Tags | statistics data-analysis |
Hard Prerequisites | |
IMPORTANT: Please review these prerequisites, they include important information that will help you with this content. | |
|
|
Soft Prerequisites |
|
Your task is to use the given data to answer all the questions below. Any other additional analysis you think will help your submission is cool with us but NO external data may be used.
We will not only be assessing your code but also how you structure and present your analysis. This notebook has a guide to the general structure we expect.
Your repo should contain everything needed to replicate your work:
requirements.txt
It’s good practice to structure your files well, so we’ll expect you to have a separate directory for “data” and “notebooks”, so that your final file structure looks something like this:
├──data
│ └── raw_data.csv
├──notebook
│ └── eda.ipynb
├──README.md
├──requirements.txt
└──.gitignore
Before we dive into the tasks of this project, let’s talk a bit about missing values. For a variety of reasons, the data we work with could have missing or invalid data. Depending on the kind of data we are working with and the extent of the data missing, we typically deal with missing data either by dropping it (for example in the case of entirely/nearly entirely missing columns or rows) or by replacing them with a suitable values.
Later in this program you’ll be learning how to train machine learning models using various kinds of data. When doing so, missing values cannot simply be ignored. Further, when it comes to datasets with many columns (also known as features), it is bad practice to drop an entire row for a few missing values.

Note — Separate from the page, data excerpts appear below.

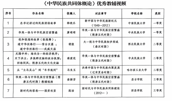 近日,国家民委教育司公布《中华民族共同体概论》课爱视频 2位教师在评选活动中获奖。经学校推荐、专家评审等环节,爱视频 教师蒋爱花获优秀教辅视频二等奖,廖靖靖获一等奖。
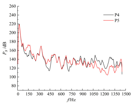The frequency domain characteristics of sound pressure at different positions in the exit area are studied. As shown in Figure 13b, two monitoring points are set in the outlet pipe along the flow direction. The frequency domain distribution of monitoring points under optimal working conditions is studied. The frequency domain distribution characteristics of the two monitoring points are compared and analyzed. It can be seen from Figure 15 that the maximum peaks of two points appear at the axial frequency. The spectrum diagram in Figure 15 is filtered. In the first half of the spectrum, the sound pressure intensity at the P5 point is higher than that at the P4 point. In the second half of the spectrum, the result is just the opposite.
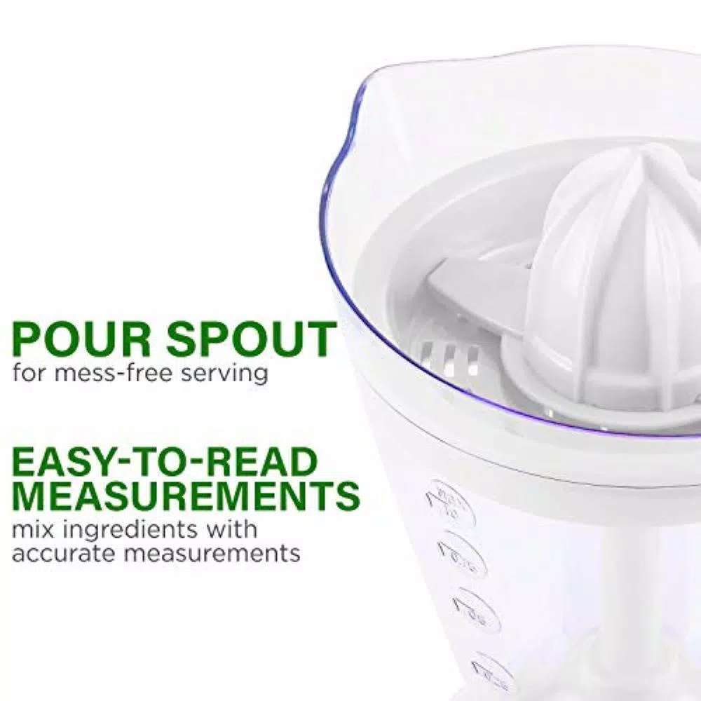- Practical citrus juicer the clear 34-oz. juice container has easy-to-read measurements so you can juice and mix other ingredients accurately, it also has a pour spout for convenient serving
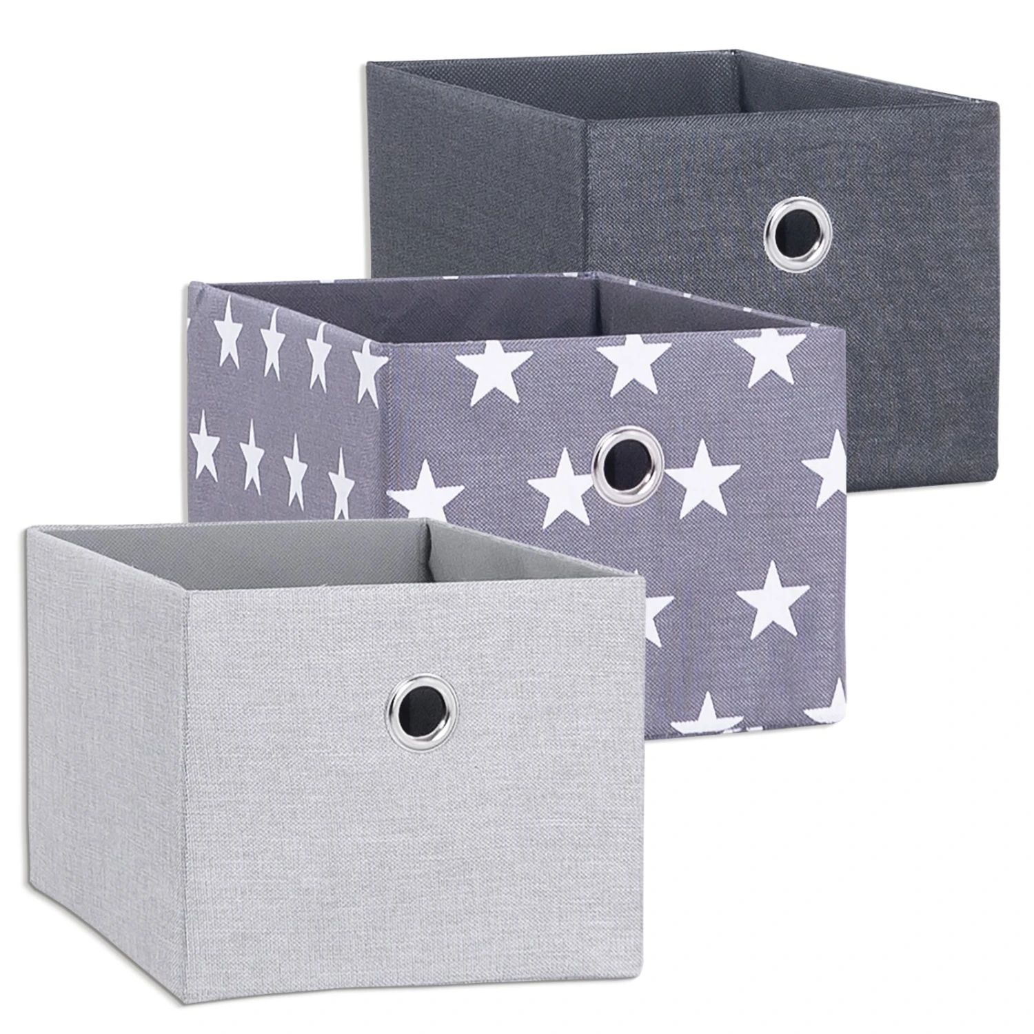 Aufbewahrungsboxen sind die stylische Art, Ordnung in Ihrer Wohnung zu halten. Hier kann allerlei Krimskrams verstaut werden. Dabei sind die Boxen, dank des Bezugsstoffes aus Polyester, sehr robust und pflegeleicht.

Here is a resource for dealing with missing values : https://www.analyticsvidhya.com/blog/2021/10/a-complete-guide-to-dealing-with-missing-values-in-python/
The data set consists of health and demographic data for the period 2014-2015, obtained from Global Health Observatory Data Repository. Here is some metadata that may be useful.
Load the dataset into a pandas DataFrame and determine how many missing values there are per feature.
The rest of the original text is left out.